[BioC] F-statistic in limma
echang4 at life.uiuc.edu
Fri Mar 3 23:20:35 CET 2006
Thank you very much for the many tips! I really do appreciate it. I do
have another question about p-values associated with F-statistics.
results<- decideTests(fit.all, method="nestedF", adj="none"
In the limma user guide, it says the following about F-statistic (Sec 18):
"... In a complex experiment with many contrasts, it may be desirable to
select genes firstly on the basis of their moderated F-statistics, and
subsequently to decide which of the individual contrasts are significant
for the selected genes. This cuts down on the number of tests which
need to be conducted and therefore on the amount of adjustment for
multiple testing. The function decideTests() with method="nestedF" is
able to conduct such tests."
If I do
results<- decideTests(fit.all, method="nestedF", adj="none")
I take this to mean that I can select the genes with either +1 or -1 in
results$Res.contrastcoefficient and then do multiple-testing correction
(using say q-value?) on the unadjusted p-values my contrast-of-interest
(which I would then choose some cutoff).
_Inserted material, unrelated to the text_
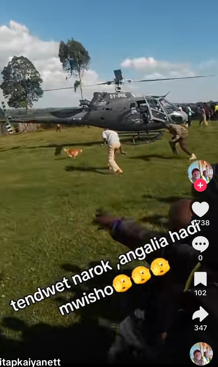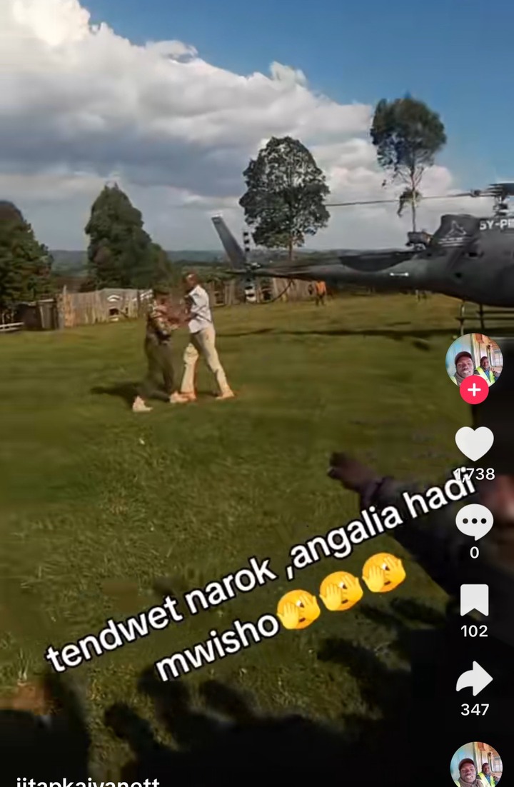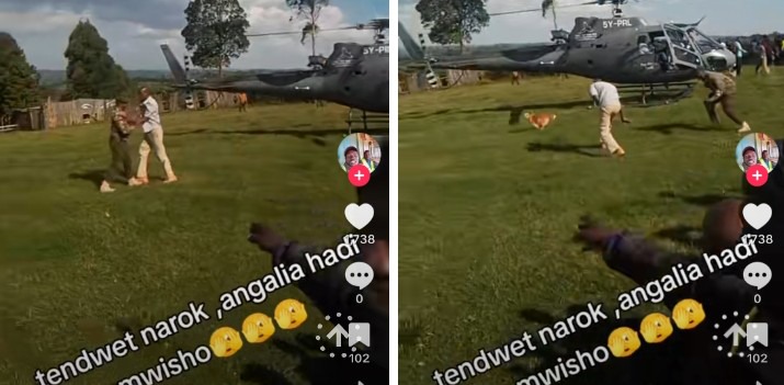 The incident happened in Narok, Tendwet, in the video, the man was captured getting closer to the military chopper, which was about to take off. That was a very risky move, and the police officer who was alert had to intervene, by trying to stop him.

I am wondering if application
of multiple-testing correction in this fashion would underestimate the
true FDR (rather than running q-value of on the entire set of genes
regardless of how they contribute to the F-statistic?)
Thank you for your time,
James W. MacDonald wrote:
> echang4 at life.uiuc.edu wrote:
>> Hi Bioconductor users,
>> I am having trouble understanding how multiple-testing adjustment is
>> in limma (specifically the decideTest). I am really confused about the
>> meaning between moderated F p-value and the adjusted p-value.
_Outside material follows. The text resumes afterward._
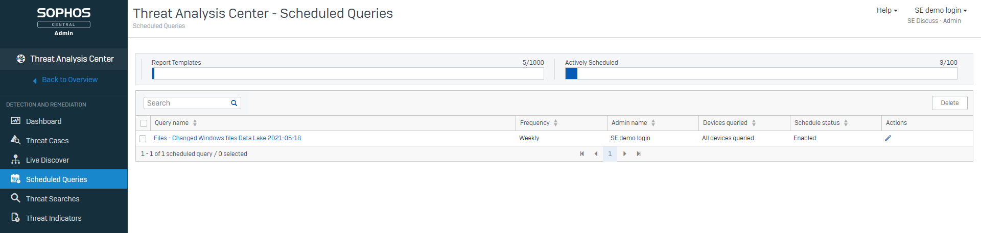 Scheduled queries are available now for Sophos Data Lake queries. Windows and Linux devices can use scheduled queries now with Mac support coming later this year. Scheduled queries for on-disk queries are coming later this year.
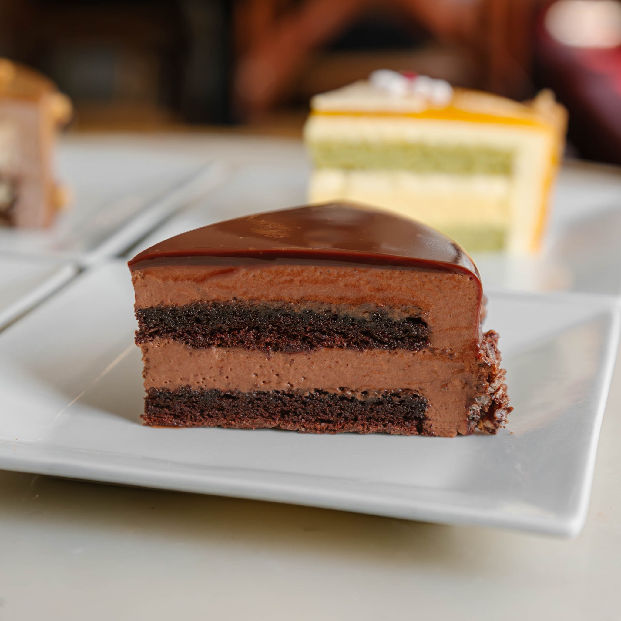 Indulge in Renaud's signature Decadent cake. Dark chocolate mousse, flourless sponge, and dark chocolate glaze create a decadent experience.

>> If I try two different "flavors" of decideTest (e.g. nestedF and
>> I can see that the results are different.... but is it the p-value
>> that is
>> adjusted or the F-statistic is adjusted?
> The statistics themselves are never adjusted in decideTests(), only
> the p-values.
> The difference is in how the p-values are adjusted. For the 'global'
> option, all the contrasts are considered to be independent, and the
> p-values are adjusted as if you just had a bunch of independent t-tests.
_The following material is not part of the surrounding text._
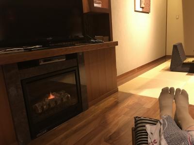 お部屋は55平米と広々しており、温泉かけ流しの客室露天風呂、ダブル洗面ボウル、ガス暖炉、加湿空気清浄機、床暖房、テラス等が設けられており、とっても素敵な空間でした。
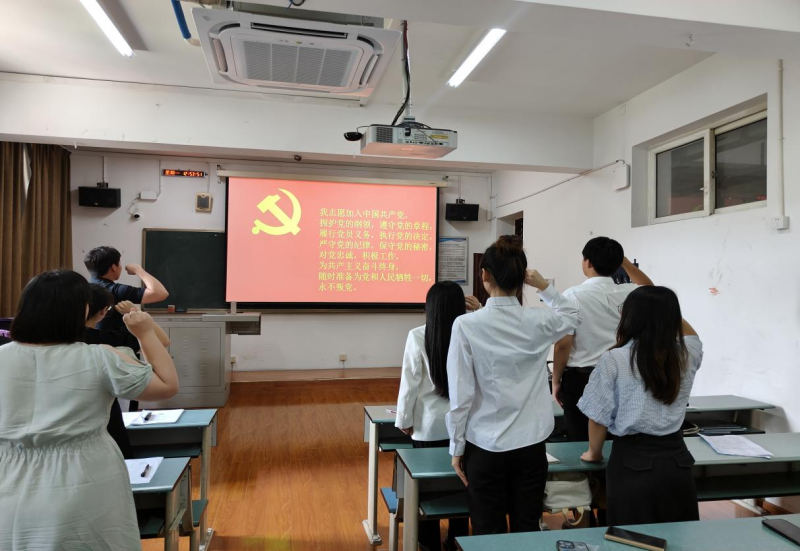 经过支部大会不记名投票表决,全票通过李浩明等4名同志发展为中共预备党员,随后,参会的党员教师为新入党的同志佩戴党徽并进行入党宣誓。

> The nestedF option is a bit more complicated. First, a bit of
> background. The F-statistic is used to determine if there are any
> differences between the samples, but it doesn't tell you which
> sample(s) are different. You have to fit contrasts to find out which
> sample(s) are different.
> So the idea with the nestedF is to adjust the p-values associated with
> the F-test to find which genes are differentially expressed in at
> least one sample. Now we have a list of genes that are differentially
> expressed, but we don't know for which sample(s) that may be true. The
> t-statistics associated with the contrasts are then inspected and the
> largest one (in absolute value) is considered significant. Now, there
> may be other contrasts that are significant as well, so the largest
> t-statistic is set to the same absolute value as the second largest
> t-statistic, and the F-statistic is calculated again. If the
> F-statistic is still significant, the second largest contrast is
> considered significant. This procedure is continued until the
> F-statistic is no longer significant.
> The basic reasoning here is that the largest t-statistic for a set of
> contrasts is significant if the overall F-statistic is significant. By
> following this step-wise procedure, we can determine which contrasts
> are contributing to the overall significance of the F-statistic.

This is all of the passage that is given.